Pulse compression is useful for weather radar to increase the average transmitted power by transmitting a longer pulse but without reducing the range resolution of the radar. In general, peak power of solid-state transmitter or millimeter-wave klystron is not sufficient. Pulse compression is required to achieve the desired system sensitivity. Different coding schemes include linear frequency modulation (LFM), nonlinear FM. Frequency-modulated signals are characterized by their time bandwidth (TB) product which represents the ability to multiple signal-to-noise ratio (SNR).

The foundation of pulse compression is matched filtering [1]. In time domain, matched filtering is equivalent to the autocorrelation of the input signal. In frequency domain, the transfer function of the matched filter is the complex conjugate of the input signal’s spectrum. An implementation schedule of the matched filter in frequency domain is shown in Figure 1[1].

Figure 1
figure 1

Implementation of matched filter by conjugate filters pair.

For a radar pulse signal, after compression, the narrower pulse mainlobe is always accompanied by higher sidelobes. So, all pulse compression radars suffer from range side lobes which cause energy from strong reflections to leak into adjacent range cells. High suppression of side lobes is not required in some other non-meteorological radar, but is important for meteorological radar, because weather phenomena can have significant reflectivity gradients, and ground clutter echo can be between 35 and 55 dB much larger than medium rain. Furthermore, the side lobes of strong signal will falsely be recognized as an existence of small target. Therefore, range side lobes must be suppressed by a large amount to prevent contamination in adjacent range cells.

In this article, compression experiments are conducted on an LFM sample signal extracted from a period of echo of a weather radar. In these experiments, some sidelobe suppression algorithms are used. The algorithms include multiplying window in frequency domain, phase distortion, and frequency modification.
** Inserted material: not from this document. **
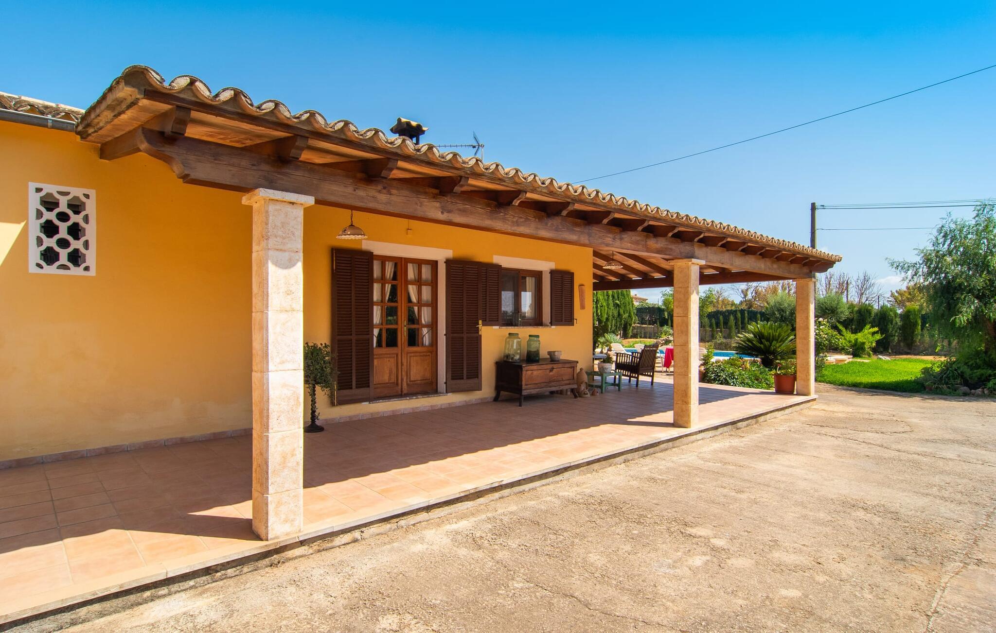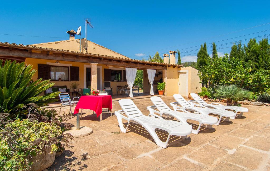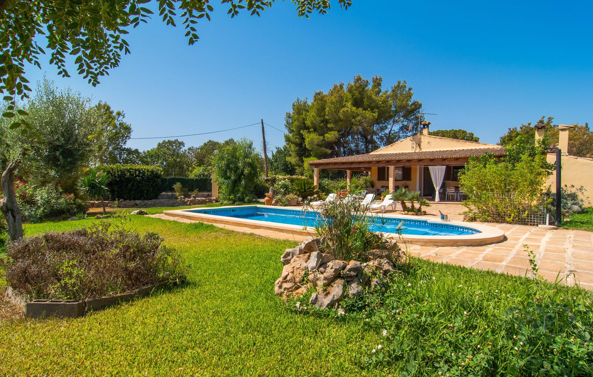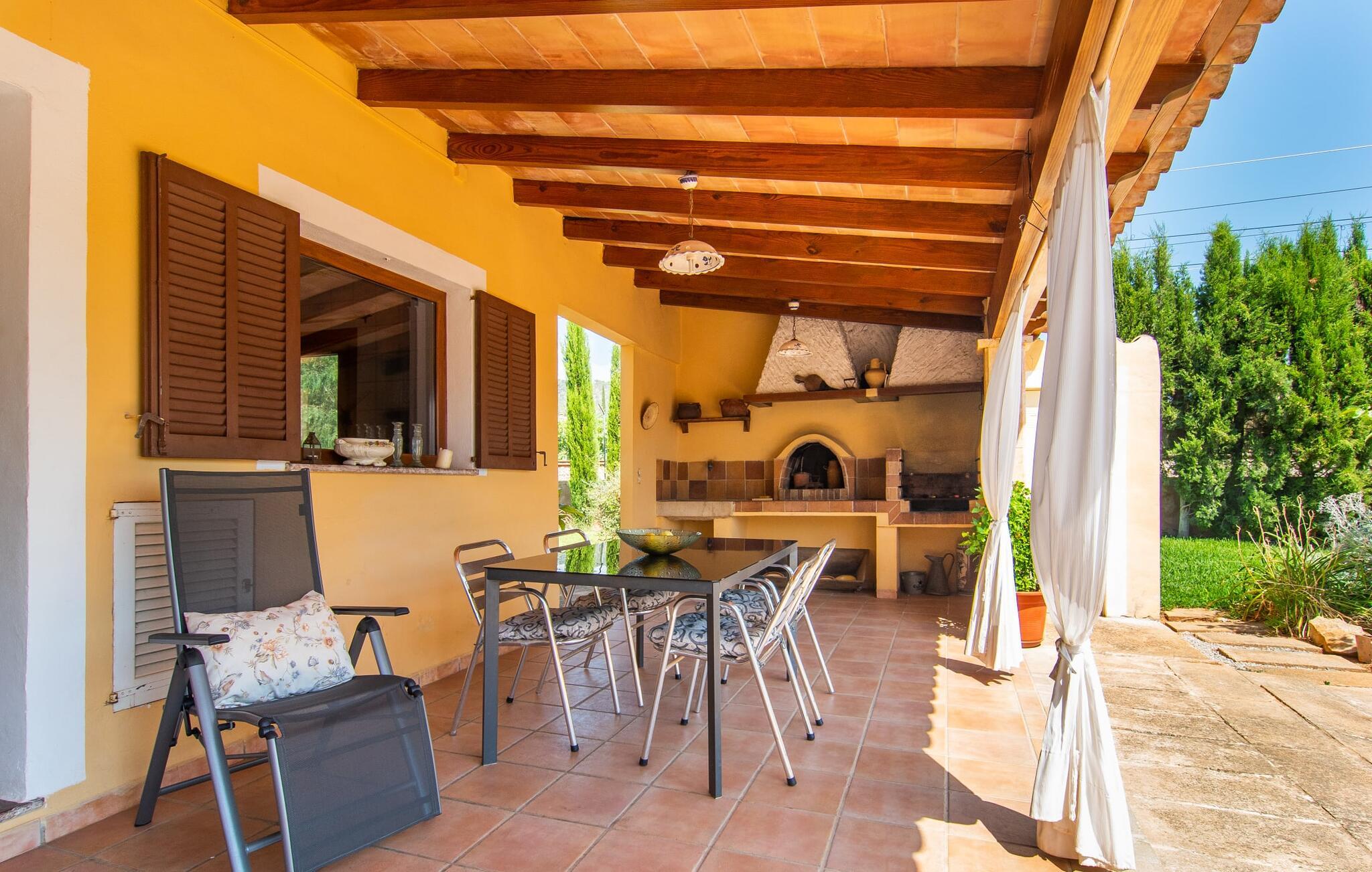 Nyd en sporty ferie i det klassiske bondehus "Son Coll" i hjertet af Mallorca, beliggende mellem Tramuntana-bjergene og Palma. Dette hyggelige feriehus er perfekt til vandreture, cykling og afslapning ved poolen, som har et smukt mosaikdesign og er omgivet af terrasser og græsplæner. Der er komfortable liggestole og skyggefulde områder at slappe af i, mens børn kan lege på græsplænen eller svømme i poolen. Udendørsområdet er designet til nydelse og har en udendørs bruser, flere terrasser med siddepladser til afslapning og et overdækket udendørs køkken med kulgrill og pizzaovn. Haven, omkranset af en grøn hæk, sikrer privatlivets fred og er samtidig bekvemt placeret i gåafstand til restauranter og caféer. Indenfor giver det fuldt udstyrede spisekøkken mulighed for familiemåltider, suppleret med en hyggelig tv-stue med pejs. Det lyst indrettede feriehus har værelser med varme og aircondition. Tilbyder overnatning for op til fem gæster i tre velindrettede soveværelser, med masser af opbevaringsplads til jeres ejendele og to badeværelser med badekar eller bruser. Oplev en varieret ferie med en central beliggenhed med historiske byer, kulturelle seværdigheder og de betagende Tramuntana-bjerge i nærheden. Vi ser frem til jeres besøg! Feriehuset "Son Coll" ligger i gåafstand fra landsbyen Lloseta i hjertet af Mallorca. Det er 30 minutters kørsel til den lange, familievenlige strand Playa de Muro. Toglinjen, der kører langs ejendommen, forbinder jer til øens hovedstad Palma på 40 minutter og til Incas centrum på 16 minutter.

In Section 2, the data are analyzed and compression basing on matched filtering and windowed matched filtering are carried out. In Section 3, spectrum modification technique and phase predistortion technique are utilized, respectively, and the effects are analyzed. Then, the two techniques are combined in Section 4. Experiments are conducted on the real weather echo and the effects are compared. Section 5 is the conclusion.

2. LFM pulse and matched filtering compression

A period of weather echo of a pulse Doppler radar is shown in Figure 2. The sample rate of the echo is 4.8 MHz. The pulse width is 33.3 μs and the spectrum width after LFM is 2 MHz.

Figure 2
figure 2

A period of weather echo of a pulse Doppler radar.
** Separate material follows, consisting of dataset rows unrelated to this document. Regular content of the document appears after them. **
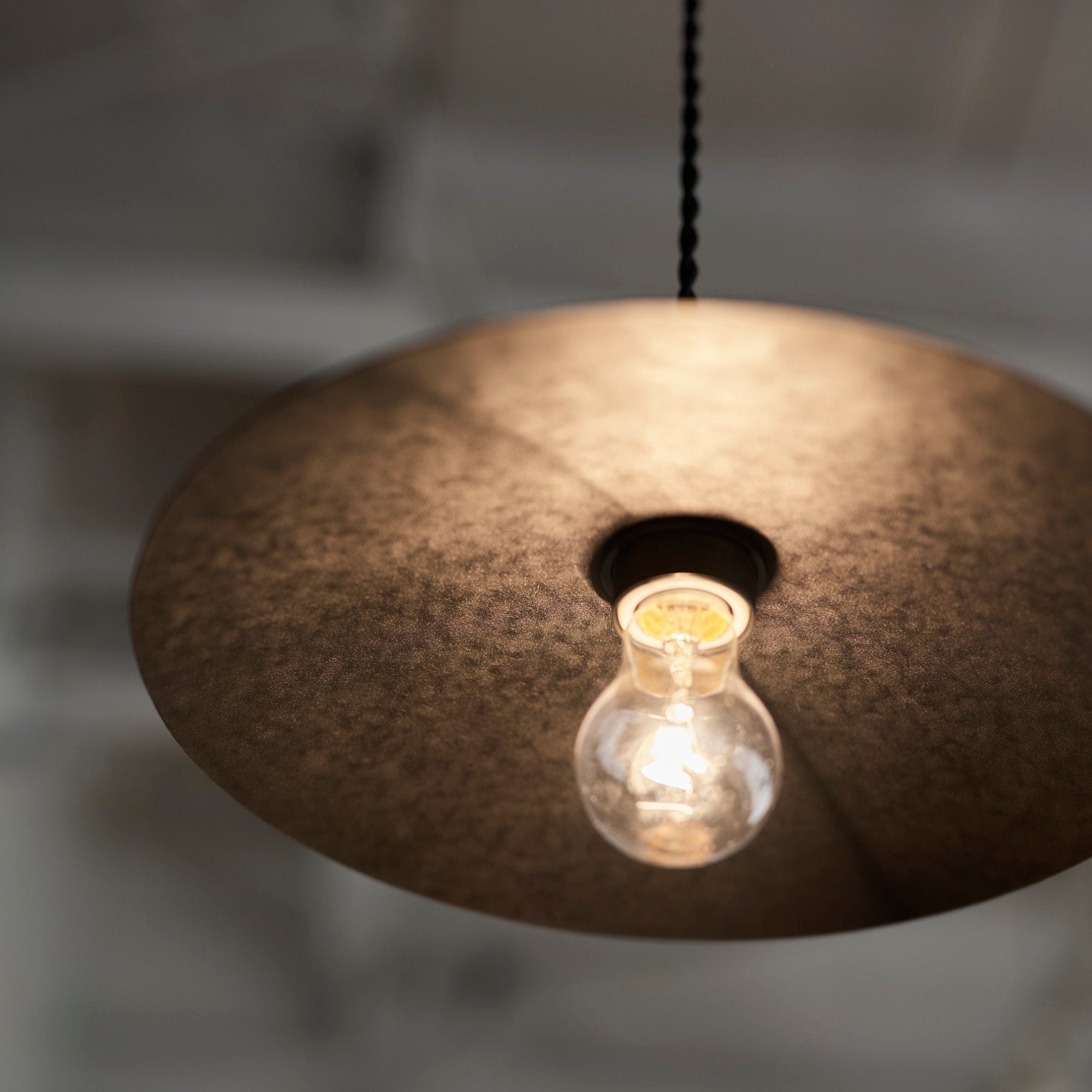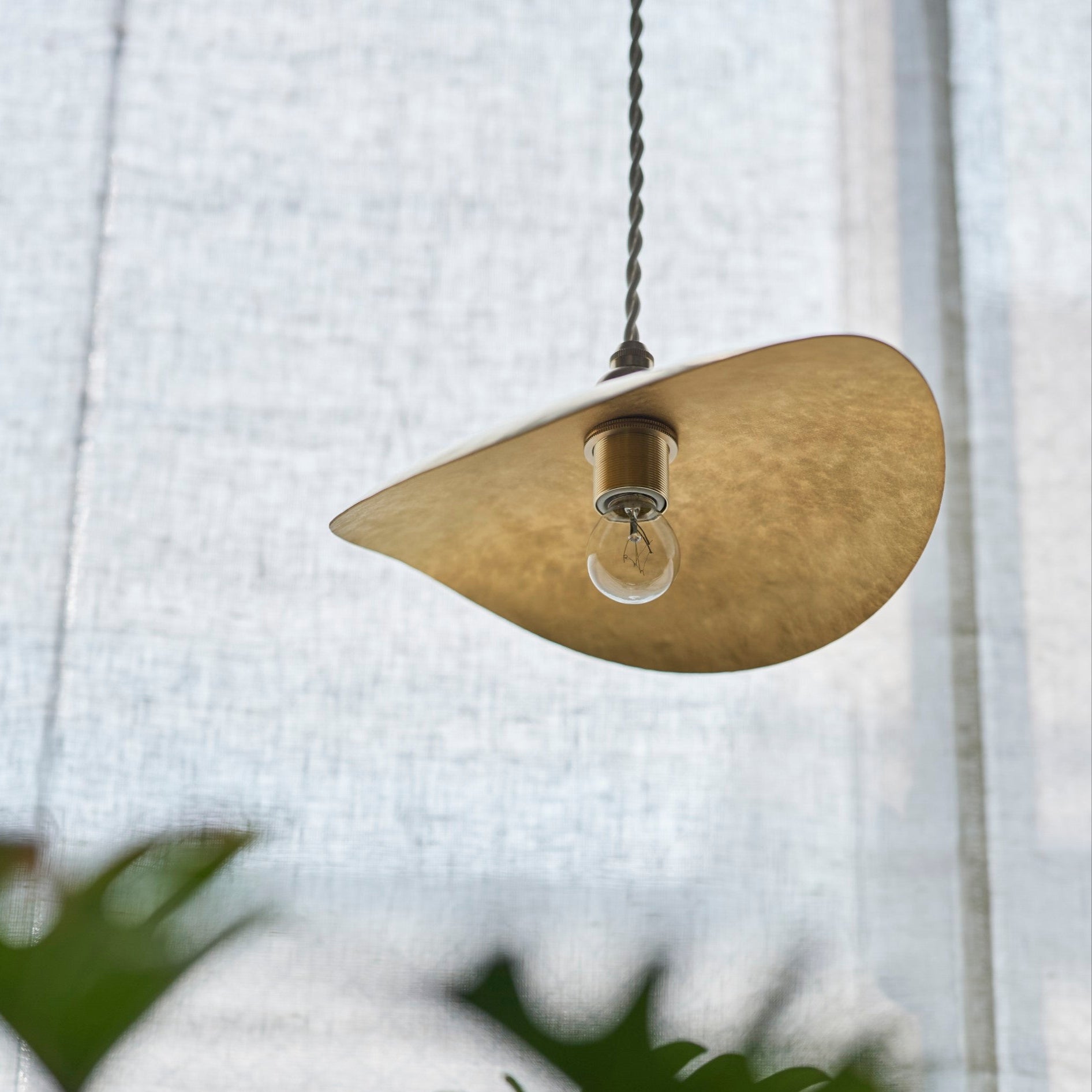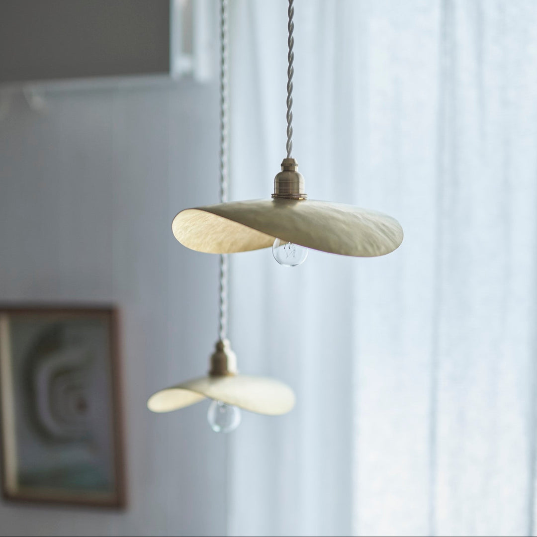 最大の魅力は、使い込むほどに深みを増す経年変化。新品の輝きから始まり、時間とともに落ち着いた飴色へと変化していく様子は、まさに「育てる照明」と言えます。
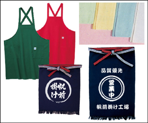 規制品・オーダー品、各種帆前掛け・エプロン・タオル
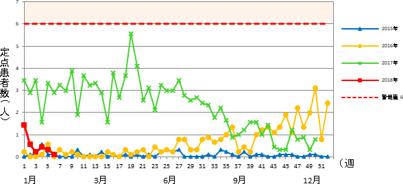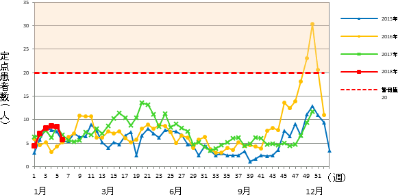 平成30年 第6週 / 5類感染症 定点医療機関週報報告の対象疾患の報告数の推移
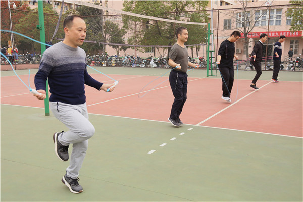 “预备,开始!”随着裁判的一声令下跳绳项目也开展了起来,该项目要求参赛人员在30秒的时间限制内跳绳,取次数多的为胜。随后进行的是踢毽子的项目,为了参加这项比赛,有不少老师还自备了“老棉鞋”,音乐学院的唐健辉老师就是其中之一,他表示:“这种鞋子的鞋面比较柔软,踢毽子会更好更稳。”在随后的比赛中他稳扎稳打获得了踢毽子项目男子组的第一名。
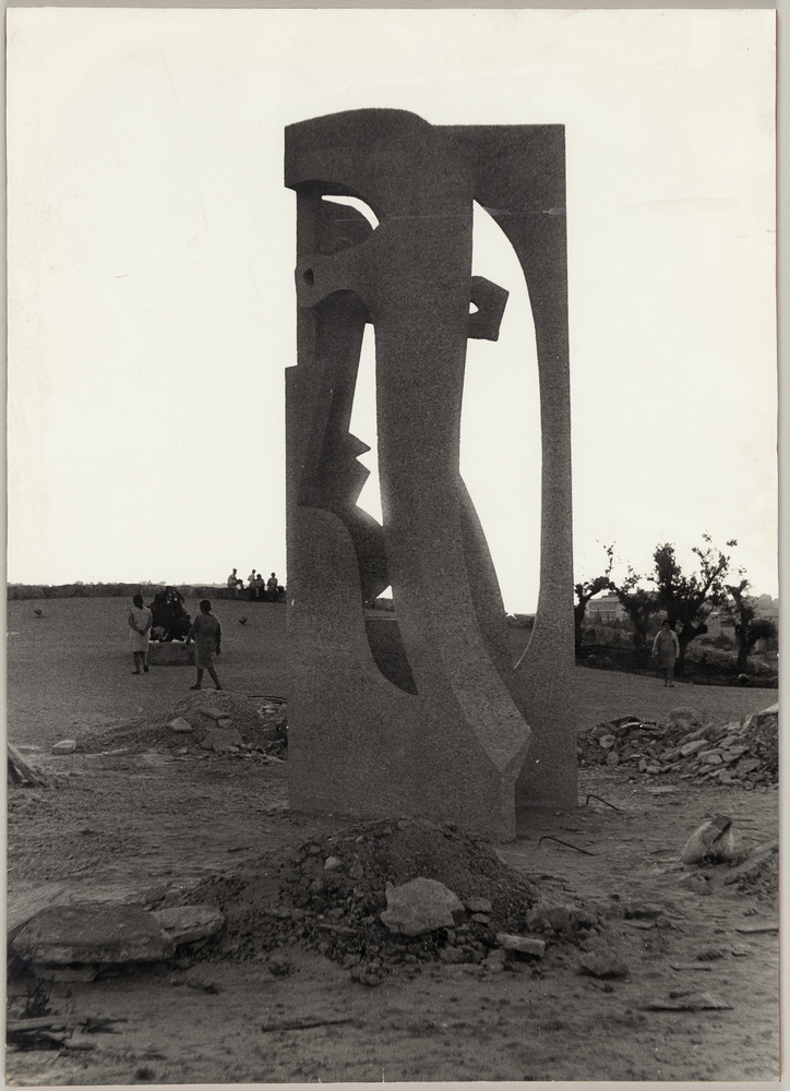 Sculpture en ciment blanc et galets clairs "Figure" de 1967, jardin du musée d'Israël, Jérusalem

A section which is a whole LFM pulse signal is intercepted from the echo above. This LFM pulse, shown in Figure 3, can be taken as the sample signal to do pulse compression. Its amplitude spectrum is shown in Figure 4.

Figure 3
figure 3

The LFM pulse intercept from the echo.

Figure 4
figure 4

The spectrum of the LFM pulse.

To analyze the frequency modulation quality of the pulse in Figure 3, we extract the phase information and unwrap it. The phases before and after unwrapping are shown in Figures 5 and 6, respectively.

Figure 5
figure 5

The phase before unwrapping.

Figure 6
figure 6

The phase after unwrapping.

Quadratic curve fitting is done on the phase, the fitting result is illustrated in Figure 7.

Figure 7
figure 7

Fitting of the phase.

We found that the phase and the fitting curve superpose each other. This indicates that the linearity of the frequency is good and the pulse is a suitable LFM sample.

Matched filtering [1] is carried out on the LFM pulse directly and the compression result is shown in Figure 8.

Figure 8
figure 8

Compression result by matched filtering.

The amplitude of the first sidelobe is –17.4827 dB and the compression ratio is about 83.3.

A sidelobe of –17.4827 dB is not satisfying for most target detecting, because there will be serious range ambition if the sidelobe is too high.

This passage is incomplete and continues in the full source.